In the time it takes to read a couple of the posts on this thread you could have ripped a couple of CDs already. Meta data sorting and cleanup can be done at any time afterwards.
I do sympathise with those having uber large music collections, but really, there's no need to lock yourself in a dark room for a couple of weeks and rip everything in one go.
PS ... back to the original question .... about 250 CDs ripped with EAC, artwork sourced on t'internet and resized/tidied up using a PC graphics program, then meta data cleaned up in Foobar 2000. Also format shifted < 100 vinyl albums and only 60% through the post editing process 
And I thought I read quite slowly 
And I thought I read quite slowly 
T o o k m e a 1 / 4 o f a C D t o r e a d a n d r e p l y t o t h a t p o s t

.. and I'm not even dyslexic KO?
As I retire in 3 years time I've been gradually converting my CDs to flac using EAC. (Not done many yet – about 40 of the 1,000 CDs we have) But I decided Greenwich Woman deserves to have her music in flac format too – but I am doing my own 1st.
I expect to complete it after retirement - then I will get the appropriate dac box
One thing that slowed me down was the old computers I had (but just invested in a brand new laptop)
The (albeit expensive) RipNas makes life quick, easy and painless.
This is far cheaper:
http://www.amazon.co.uk/Fanless-Server-Automatic-Ripping-VortexBox/dp/B0...
http://www.whathifi.com/forum/computer-based-music/vortexbox-appliance-i...
I wonder if anyone has used this service:
http://www.mp3bymail.com/datagrooming/datagroom.html
I'm tempted...





I ripped about 2.5k odd cds.
It took a spare PC with 2 dvd/cd drives plonked next to me in the lounge and a significant amount of time.
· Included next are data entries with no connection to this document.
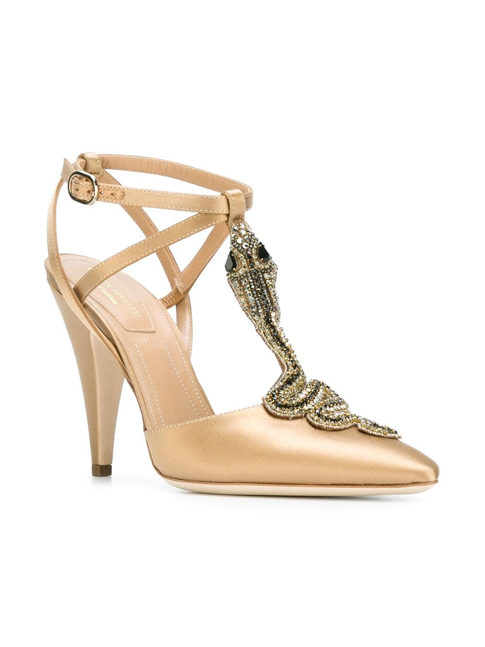 The nude leather embellished snake pumps from Alberta Ferretti have a pointed toe and feature a side strap.
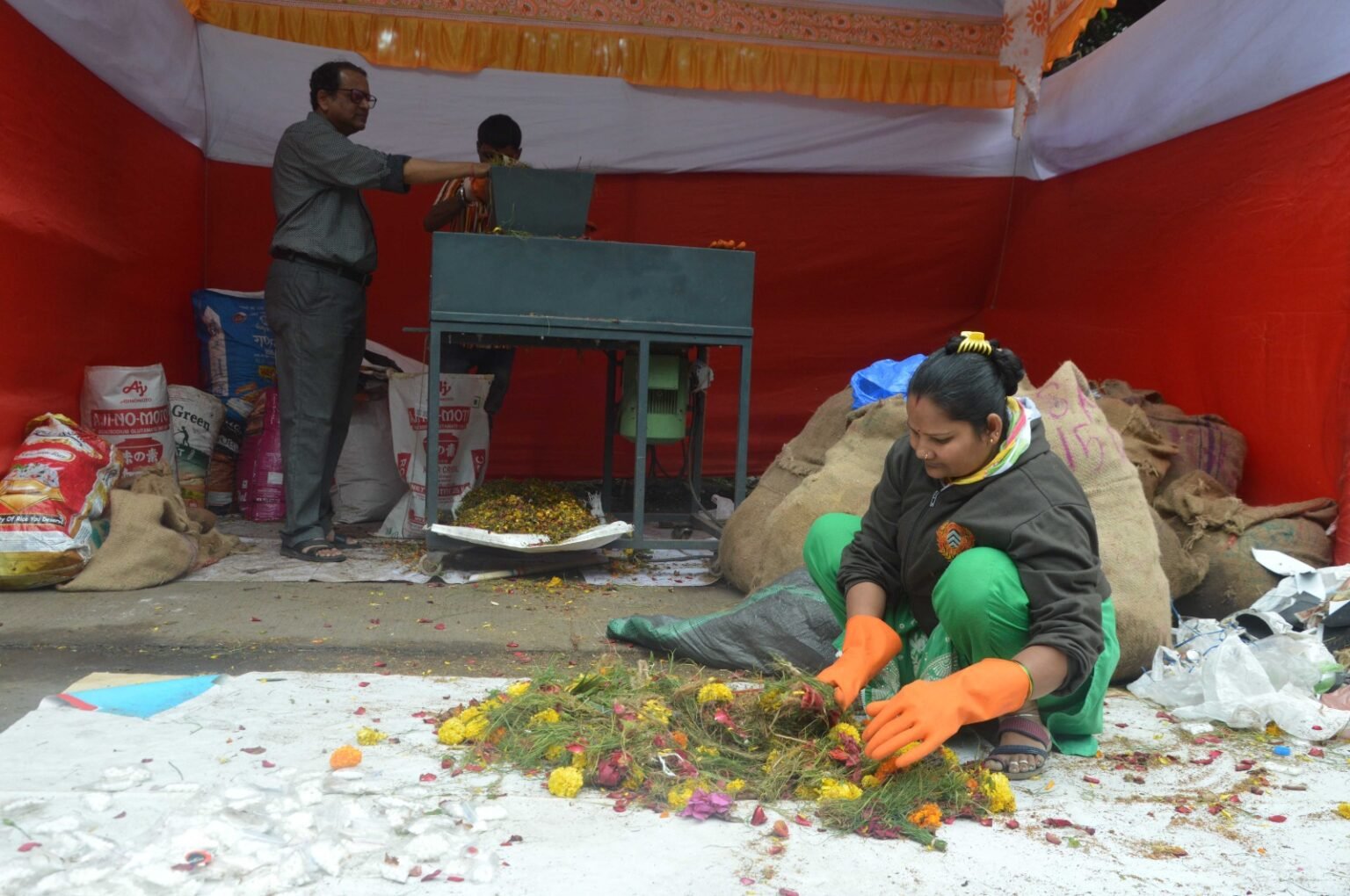 श्रीमंत दगडूशेठ हलवाई सार्वजनिक गणपती ट्रस्ट, सुवर्णयुग तरुण मंडळाच्या वतीने १३३ व्या वर्षी गणेशोत्सव थाटात साजरा होत आहे. त्यामध्ये जमा होणारे निर्माल्य डीपी रस्त्यावरील जोशी किचन जवळ उभारलेल्या ‘निर्माल्य श्रेडिंग प्रकल्पा’त नेण्यात येते. तेथे निर्माल्याची पावडर करून त्याचे सेंद्रिय खत तयार केले जाते आणि ते खत विनामूल्य अन्नदाता शेतकऱ्याला दिले जाते.
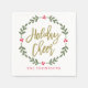 Feierliche Runde Urlaubservietten sind mit dem modernen antiken "Holiday Cheer"-Skripttext gerahmt, der von einem Kranz aus grünen Blätter und rotem Beerenblättern mit dem unten angeführten Text aus rotem Monogramm ist.

Used dbpoweramp to rip to flac, then used the converter to convert to alac, mp3 etc.
Benefit of using dbpoweramp for me is the artwork gets tagged correctly and almost all cds were found. For the very few that weren't I ended up using mediamonkey to rip to flac, where you can tag from the internet, for example if it is for sale on amazon. I found EAC didn't identify as many cds correctly and after a while I couldn't face any more manual inputting. If you rip in itunes the artwork doesnt seem to be permanently there, i.e if you have to reload libarary.
Now I just rip the cds as I buy them. Have the files on both flac and alac on more than one drive as I never, ever want to have to do it again. Not even sure I would have the heart to do it agian even if the worst did happen, oh and my wife would kill me.
Can't even begin to comtemplate doing the vinyl.